The restaurant’s main product is its hearty deep-dish pies, which average about $15 to $17 per person, or about $47 per table. Giordano’s also sells a line of frozen pies online. Photo:
Courtesy of Giordano’s
The restaurant’s main product is its hearty deep-dish pies, which average about $15 to $17 per person, or about $47 per table. Photo:
Courtesy of Giordano’s
That said, Koutsogiorgas said Giordano’s knows that deep-dish pizza isn’t to everyone’s taste. The restaurant also sells a thin-crust style of pizza called tavern pizza, which is just as popular around town (and with locals). In addition, Giordano’s also offers a pan pizza, a single layer of pizza dough sprinkled with Parmesan cheese and with a caramelized crust that gives it a texture similar to Detroit-style pizza (though it’s round instead of square).
More than anything, the past few years of COVID have taught Giordano’s flexibility: “Looking at the way things are going — high costs, high rents, a crazy labor market where wages are impossible to calculate — we’re living in very chaotic times. We don’t know how the film is going to end,” Koutsogiorgas said.
Two Perspectives on Fast Casual and Sit-Down Dining
In 2000, Joan Chang opened the first Flour Café and Bakery in Boston’s South End neighborhood with one goal: to provide a friendly place for warm, chewy breads, fine pastries, and quick meals. Nearly 25 years later, Flour has grown to 10 cafes across Boston, and Chang also owns a sit-down restaurant, Myers & Chang, with her husband, Christopher. She has a thriving online business, teaches classes, and is a familiar face on the Food Network.

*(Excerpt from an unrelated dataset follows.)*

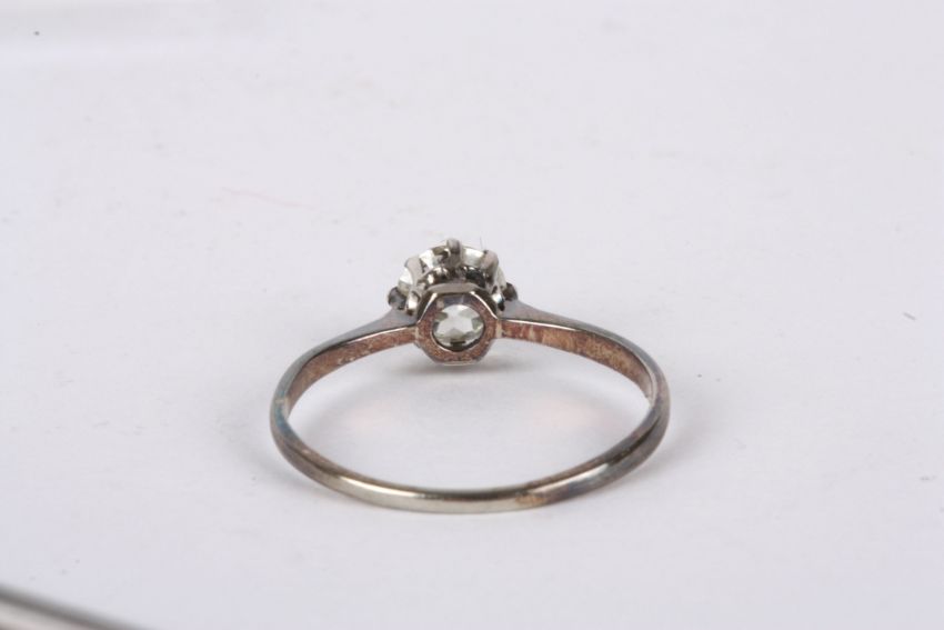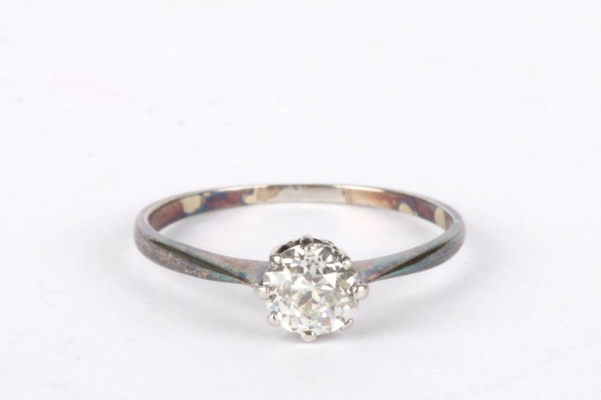 An 18ct white gold and diamond solitaire ring set with diamond measuring approx. 1/2 carat and set in a plain 18ct white gold mount. , Condition:
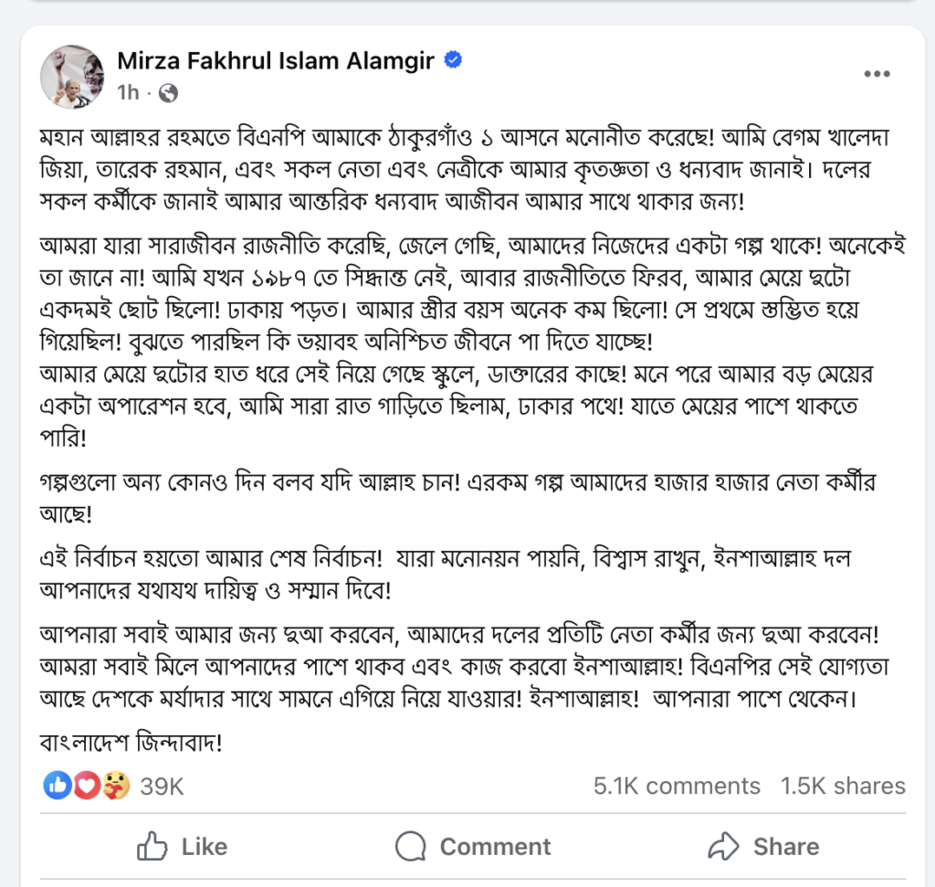 পোস্টে মির্জা ফখরুল লিখেছেন, মহান আল্লাহর রহমতে বিএনপি আমাকে ঠাকুরগাঁও-১ আসনে মনোনীত করেছে। আমি বেগম খালেদা জিয়া, তারেক রহমানসহ দলের সব নেতা-নেত্রীকে আন্তরিক কৃতজ্ঞতা জানাই। একই সঙ্গে দলের সব কর্মীর প্রতিও আজীবনের ভালোবাসা ও ধন্যবাদ জানাই—তারা সারাজীবন আমার পাশে থেকেছেন।

Like many restaurateurs, her world has been upended by the pandemic, but the breadth of her business gives her a unique perspective on the challenges facing both sides of the restaurant business.
In 2019, about 10 to 15 percent of her sales came from online orders or through the Flour app. “During the pandemic, people were only ordering takeout, and that went to 100 percent,” she told Food & Wine in an email. Now, Flour has settled on about 45 to 50 percent electronic orders, many of which come in at the same time. “We’ve had to get used to being super busy at lunchtime, even when the bakery seems quiet.”
Joan Chang opened Flour Café and Bakery in Boston’s South End neighborhood in 2000. There are now 10 Flour locations in the city, including one sit-down restaurant, Myers & Chang.
Plum+Port Photography / Courtesy of Flour Bakery
Starting around 11:30 a.m., “the screens start to fill up with orders, and by noon we might have hundreds of orders for lunch in 10 minutes.” In the past, Flour was able to manage the flow by slowing down the order processing speed. But that’s no longer the case. “The computers don’t wait for anybody. The orders just fly in.”
Chang has set up secondary counters at some of his bakeries to handle online orders only, and he’s done something similar at Myers & Chang, which now has a counter dedicated to takeout and staff handling those orders.
Chan has noticed shifts in demand patterns, in part because office workers are adopting hybrid work schedules, with catering dropping significantly and cafe sales dropping on Mondays and Fridays, when more people are likely to work from home.
The majority of Flour’s business, 45 to 50 percent, comes from electronic orders, many of which come in simultaneously during the lunch rush.
David L. Ryan/The Boston Globe/Getty Images
Meanwhile, her restaurant now opens at 4 p.m., an hour earlier than before the pandemic, reflecting the trend toward later dining. It closes at 9 p.m. three nights a week and 10 p.m. four nights, both an hour earlier than before.
Luckily for Chan, staffing levels have returned to normal. “I never thought we’d get out of this. It’s been terrible for quite some time. I’ve never seen anything like this,” Chan says. “Now turnover is back to normal and pretty stable. Hopefully it’ll work out!”
Like Shaya and Kutsogiorgas, Chang remains optimistic despite the industry’s obstacles. “I’m always optimistic about this business,” says the 53-year-old chef. “I think all restaurateurs have good hearts, as they should! I throw parties every day and hope people will come and be happy.”